Sometimes it just hits me. How insanely fortunate I am. Food, shelter, love, companionship, satisfying pursuits, sanity, health, (just noticed I put food first. Typical). There's a dull patina of guilt associated with the above list. What did I ever do to deserve them? Must come from a past life as I've certainly not led an unselfish, unsullied life this time around. Nevertheless, there they are. Blessing beyond measure.
Since quitting smoking 2 1/2 years ago, even my breath has been the source of a healthy dose of gratitude. When I think of it, breathing, I have to take a deep chest full with unbearably gratifying breath. How good is that? I could be dead (no breath), hooked up to a respirator or suffering from asthma or emphysema or some such thing where breathing is an ongoing fight. Instead, despite over 40 years of smoking, I've been given a second chance and boy, don't I know it! When I am mindful (read - when I am here and not lost in some storytelling popcorn eating haze of daydreaming) I gulp big lungfuls of air just for sheer delight. It's so delicious.
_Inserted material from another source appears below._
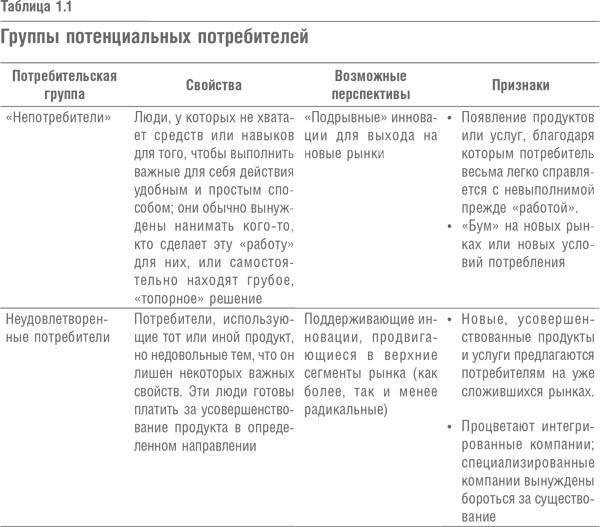 Все эти группы потребителей представлены в таблице 1.1; здесь показано, по каким параметрам выделяется каждая группа и какие возможности наиболее перспективны именно для нее. В таблице также перечислены признаки того, что некая компания уже выгодно использует эти возможности, выводя на рынок соответствующие продукты.

Perhaps people who have never abused themselves with cigarettes can't understand but when you smoke your lungs lose elasticity. You can't take a deep breath. Impossible. You inhale so far and it's as though you've hit a wall. Here and no further so there is no satisfying stretch, like stretching cramped too-long-sitting-muscles. It is quite awful. I used to almost get there by opening my mouth and trying to stretch using chest muscles in a poor and ultimately frustrating facsimile. Now I don't have to. Sure, there's a long way to go. Forty years of smoking damage isn't undone in two but the difference even now is profound.
And I feel so sorry for the people I know who smoke. Can't help them, can't even say anything because I know what it's like when you smoke. You're addicted and mentally turn off anything that damages the fragile reasons you've made to give yourself permission to smoke. I did it so well, so thoroughly for so long. Nothing anyone could have said would have made me change my mind. So they smoke and they cough and they smell and they have to budget for their smokes as it's unbelievably expensive now and I am sorry.
I am free and oh, isn't that breath SWEET?